For both procedures, before starting the experiments, participants were informed that all the targets would appear on the right side of the screen to shift their attention away from the left side of the screen. During the test, all the potential targets on the left side were hidden in order to keep the attention focused on the right side. Moreover, 1/4th of the potential targets on the right-hand side of the screen were also hidden in a random fashion. The right-hand side targets were hidden, because we expect differences in the EEG corresponding to the right and left-hand side hidden targets due to only the attention shift to the right-hand side of the screen, not due to the presence of targets on the right-hand side.
Procedures differ in the fixation point that the participant should focus on during the experiment. In the first procedure, participants were asked to fix their gaze on the center of the screen. Since SN patients orient their body towards the ipsilesional side by approximately 5° (Ferber and Karnath, 1999), we took this into consideration when simulating SN in the second procedure by defining the fixation point as the center of the right part of the screen. That leaded to shifting the gaze of each participant by around 4°, representing ¼ of the visual field that the screen covers. The two proposed procedures were conducted to examine the effect of shifting gaze to the right side of the screen on attention and information processing.
In addition to studying attention differences with these two procedures, our other aim is to design an EEG-based classifier to differentiate EEG responses due to shown and hidden targets. Therefore, these two simulation procedures yielded preliminary results to predict the feasibility of the test described in Section 3.1 to identify SN.
3.3. Data acquisition
One major concern when designing the proposed SN assessment test was minimizing the test time as much as possible considering the fact that the test is intended to be used with stroke patients who might be in hospitals in an early recovery phase. One way to reduce the test time is to reduce the system setup complexity by reducing the number of electrodes placed on the scalp. Therefore, we chose 17 main electrodes placed according to the 10-10 system over frontal, central, parietal and occipital lobes at positions p1, Fp2, F3, F4, Fz, Fc1, Fc2, Cz, P1, P2, C1, C2, Cp3, Cp4, P5, P6 and Oz. Left mastoid was used as a reference for the measured EEG signals. The g. USBamp, which is a biosignal amplifier was used in this study. It included 16 24-bit simultaneously sampled channels with an internal digital signal filtering and processing unit and sampling rate up to 38.4 kHz. As the data was collected using 17 electrodes, a slave amplifier was used to record the signal of the Oz electrode. The data were digitized with a sampling rate of 256 samples/sec and filtered by the amplifier’s 8th order bandpass filter with corner frequencies 2, 62 Hz in addition to 4th order notch filters with corner frequencies 58, 62 Hz.

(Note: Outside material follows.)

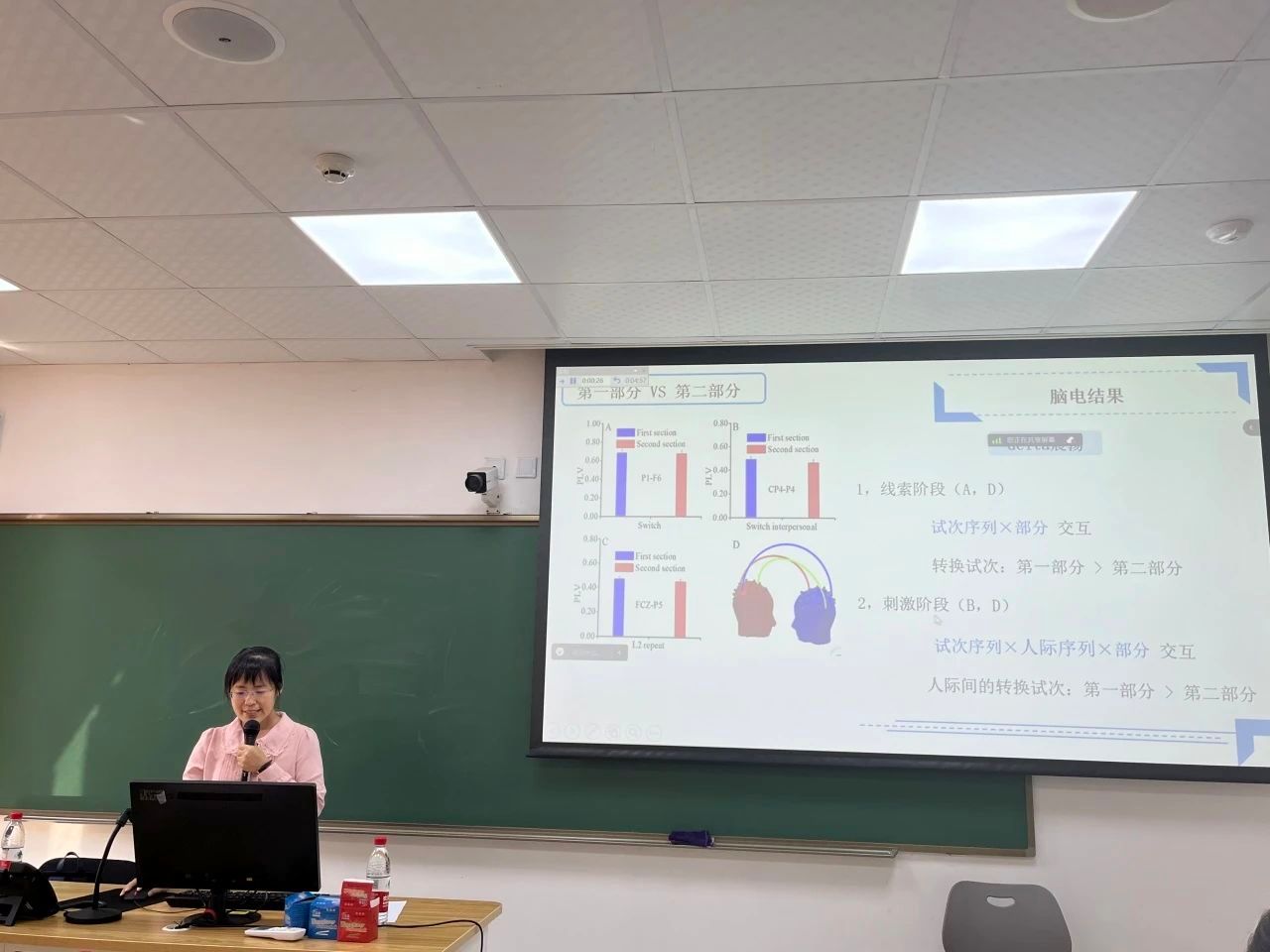 刘欢欢副教授的报告主要讲授了以下内容:第一,双语者的语言控制机制;第二,词汇构成规则对语言控制的影响;第三,语言转换的本质-来自情绪信号的假说;第四,利用强化学习的原理提高语言控制的神经机制。报告内容丰富而生动,引人入胜,为双语控制领域研究提供了新的思路。

Processed data were transferred from the amplifiers to the laptop via USB 2.0.
3.4. Pre-processing and feature extraction
The data was further preprocessed using FIR bandpass filter with corner frequencies: 8, 60 Hz. The FIR design was used due to its numerical stability compared to IIR design. The filter was implemented using Kaiser window as it can provide the shortest filter length with the fastest transition compared to other windows such as Hamming and Blackman (Ferdous, 2013).
We employed time and frequency domain analysis for the EEG data acquired from the SN simulation test for 10 healthy participants. Time domain analysis focused mainly on showing differences in attention due to left and right side hidden targets as well as obtaining the system performance measures for classification of EEG corresponding to hidden and shown targets (i.e., time domain features are used to build EEG-based SN detector) while the frequency domain analysis aimed only at showing the statistical differences in attention between left and right side hidden targets. Specifically, pre-processed data segments of 128 samples/segment corresponding to 500 ms measured EEG time-locked to stimulus onset were used for both time and frequency analyses. In frequency domain, average power spectrum values in α, β and γ bands of EEG for right and left side hidden targets were calculated using Welch’s power spectral density estimate (Welch, 1967). Wilcoxon test with p value of 0.05 was used to statistically assess average power spectrum values in α, β and γ bands due to the left and right side hidden targets. Considering the time domain analysis, EEG pre-processed data of the left and right side hidden targets were statistically compared using Wilcoxon test with p value of 0.05. In addition, energy of EEG segments corresponding to the left and right side hidden targets was evaluated according to Eq. (2). Finally, a classification problem was formulated to assess the ability of the system to differentiate hidden and shown targets using pre-processed EEG data as features, Wilcoxon test for feature selection and Naïve Bayes for classification. Data was partitioned into training and testing sets using 10-fold cross validation strategy.
(2) |
Where x[n] is a finite length EEG signal and N represents number of samples in x[n].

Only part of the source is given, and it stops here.